Why does she smell so tantalizing?

Even though I haven’t tasted her, it feels like honey is coating my tongue.

Air fills my palms. My sword drops. My tongue darts out.

Closer, one more inch, and I can taste her. One drop on my tongue would answer all my questions. One drop and my magic and body would know if she was my mate, or if this is a game of seduction she’s playing.

There, I said it. Mate.

Is she my mate?

The beast inside me roars. Claim her. Mine, mine, she’s mine.

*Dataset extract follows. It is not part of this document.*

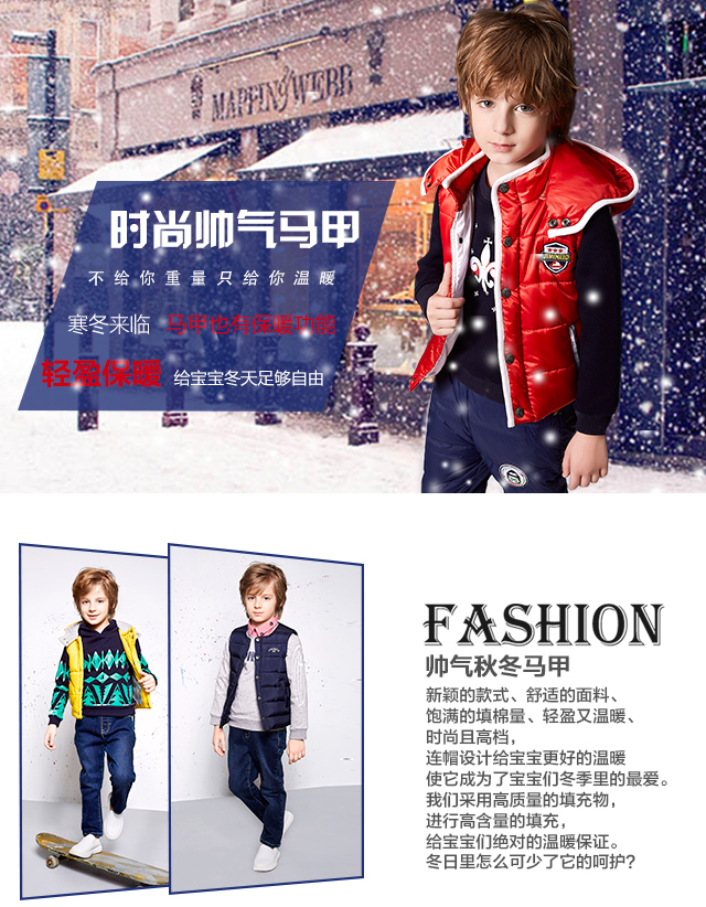 杰米蘭帝新款男童保暖羽絨棉帥氣背心馬甲外套,保暖御寒,是冬季必備單品之一哦,連帽設計給寶寶更好的溫暖,精致的品牌LOGO設計,時尚簡約,讓寶寶更加喜歡,穿起來也很帥氣有個性,我們采用精致面料,品質保障,呵護寶寶溫暖整個冬天。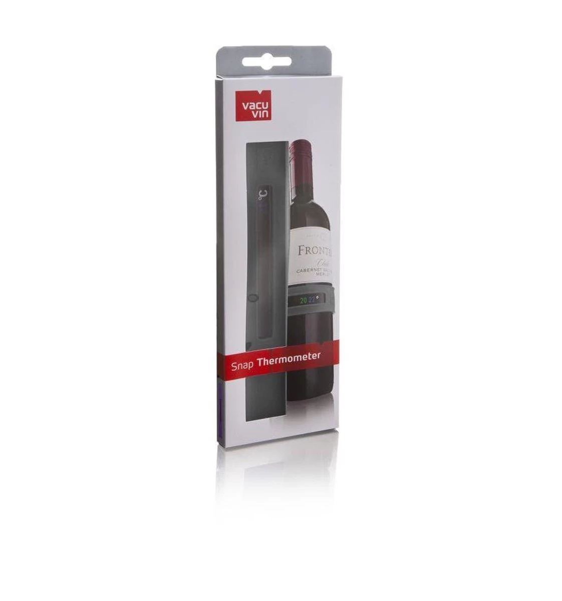Wijnthermometer – Snap – Grijs van het merk Vacuvin. Deze thermometer is eenvoudig in gebruik doordat deze om de fles heen klemt, ook de temperatuur is heel duidelijk af te lezen. Op deze manier kunt u uw wijn altijd op de perfecte temperatuur drinken!

“Mine.” I watch the droplet slide down her neck.

The hunger that growls up my throat isn’t from my stomach.

It’s from the mate magic swirling deep, waking up, stretching, readying to fight.

It’s dormant inside us all. Sometimes it wakes; other times, you live life without ever finding your fated mate.

“Titus,” she hisses a warning.

“Do you feel it?” My voice is feral, claws scratching against stone, in a deep, dark cavern.

“Our feelings are irrelevant.” She presses her palm to my chest, blinking away tears. “Control yourself.”

Control? If I drank from my mate, my magic would grow tenfold.

Magic. Would Everett’s magic grow?

That’s why she is denying this. To protect me.

Her hand slides down my torso until she peels it free.

Just one tiny lick would subdue my urges. “Just one taste.”

Metal presses against my lips instead.

Does she think her dagger would stop me?

The game of chase entices my predator.

Oh yes, she sees the truth in my eyes.

“Don’t make me hurt you.” She tilts the dagger up, parting my lips with it. One flick of her wrist and she could carve a permanent smile.

Denying this hurts more than her dagger would. I close my lips around the blade and kiss it.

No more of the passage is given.